Alan Turing, considered the father of artificial intelligence, wondered in the 50s “can machines think?”, and from then on a thousand things have happened. Artificial intelligence (AI) has found multiple applications in various areas, and the audiovisual sector is no exception. Although it is not yet correct to say that artificial intelligence performs many functions completely autonomously, progress has been made in semi-automated processes of image processing and voice recognition or processing.
In the audiovisual field, AI is used for a variety of functions, and with its current growth, it is expected to cover even more in the future. However, it is currently more accurate to speak of semi-automated processes rather than fully autonomous tasks. AI can be a great support for publishers and artists in repetitive tasks, such as cataloging, archiving and documenting audiovisual content, making these processes less tedious and faster.

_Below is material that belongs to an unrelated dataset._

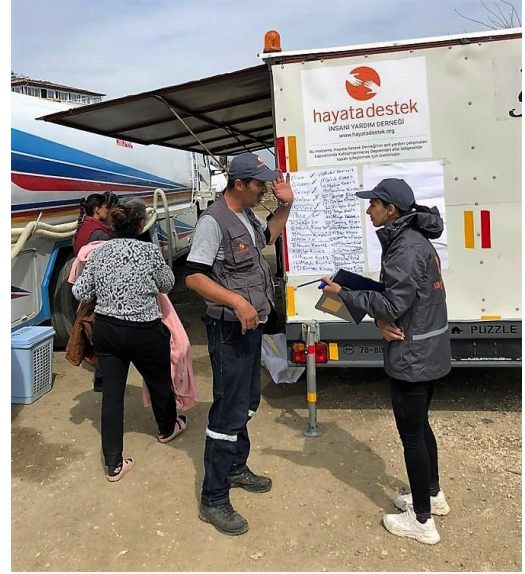
7. Mobil Yıkama Ünitesi, Hatay

The key to an artificial intelligence is in its training. Basically, the human must load the machine with data and information, teaching it what output data to return to us when we enter certain input data. Training an AI means giving it specific, sufficient and detailed tools on a topic, so that, once it has learned from this information, it knows what return to generate for future inputs.
The concern about a machine replacing a human in an environment such as audiovisual, where creativity plays such an important role, is understandable. However, while AI can automate certain tasks, it cannot replace the role of the creative. Creativity and intuition are human characteristics that AI cannot yet replicate. However, AI can perform other more repetitive tasks within the audiovisual sector that can be of great support to the editor or artist. For example, cataloging, archiving and documenting audiovisual content can be less tedious and faster thanks to AI.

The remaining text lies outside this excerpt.